Entries provided:
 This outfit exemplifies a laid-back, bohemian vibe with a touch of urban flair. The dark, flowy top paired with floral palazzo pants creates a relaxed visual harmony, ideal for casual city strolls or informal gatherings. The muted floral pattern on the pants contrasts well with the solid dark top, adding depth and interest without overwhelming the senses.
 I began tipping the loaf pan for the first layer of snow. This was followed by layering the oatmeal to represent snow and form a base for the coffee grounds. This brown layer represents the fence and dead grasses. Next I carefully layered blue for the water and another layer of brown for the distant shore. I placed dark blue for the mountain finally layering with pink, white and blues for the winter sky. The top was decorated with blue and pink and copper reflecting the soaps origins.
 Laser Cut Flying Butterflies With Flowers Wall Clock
* * *
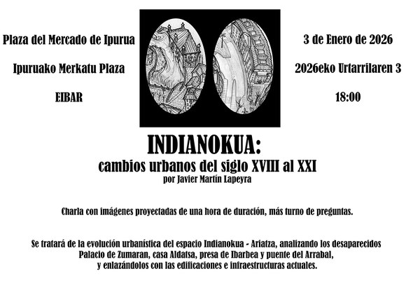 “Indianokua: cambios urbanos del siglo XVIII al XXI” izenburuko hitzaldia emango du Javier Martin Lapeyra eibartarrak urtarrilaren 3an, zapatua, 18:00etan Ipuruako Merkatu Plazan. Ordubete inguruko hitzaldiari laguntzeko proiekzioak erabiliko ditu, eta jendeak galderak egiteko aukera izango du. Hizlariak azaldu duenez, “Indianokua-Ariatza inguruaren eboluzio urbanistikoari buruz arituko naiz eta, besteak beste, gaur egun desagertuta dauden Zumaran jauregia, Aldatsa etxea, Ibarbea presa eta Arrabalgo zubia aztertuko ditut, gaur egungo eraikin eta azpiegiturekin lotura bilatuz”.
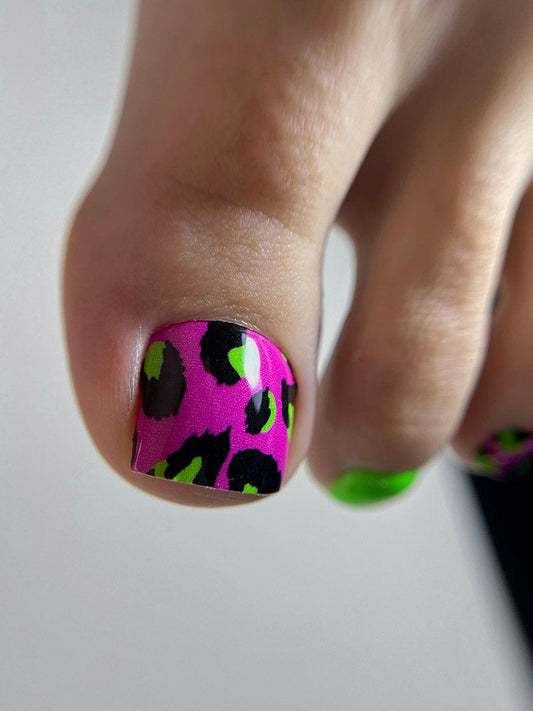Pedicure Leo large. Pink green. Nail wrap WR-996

Task directions: Using the listing above, show every line that includes the string "dark".

Result of the task:
 This outfit exemplifies a laid-back, bohemian vibe with a touch of urban flair. The dark, flowy top paired with floral palazzo pants creates a relaxed visual harmony, ideal for casual city strolls or informal gatherings. The muted floral pattern on the pants contrasts well with the solid dark top, adding depth and interest without overwhelming the senses.
 I began tipping the loaf pan for the first layer of snow. This was followed by layering the oatmeal to represent snow and form a base for the coffee grounds. This brown layer represents the fence and dead grasses. Next I carefully layered blue for the water and another layer of brown for the distant shore. I placed dark blue for the mountain finally layering with pink, white and blues for the winter sky. The top was decorated with blue and pink and copper reflecting the soaps origins.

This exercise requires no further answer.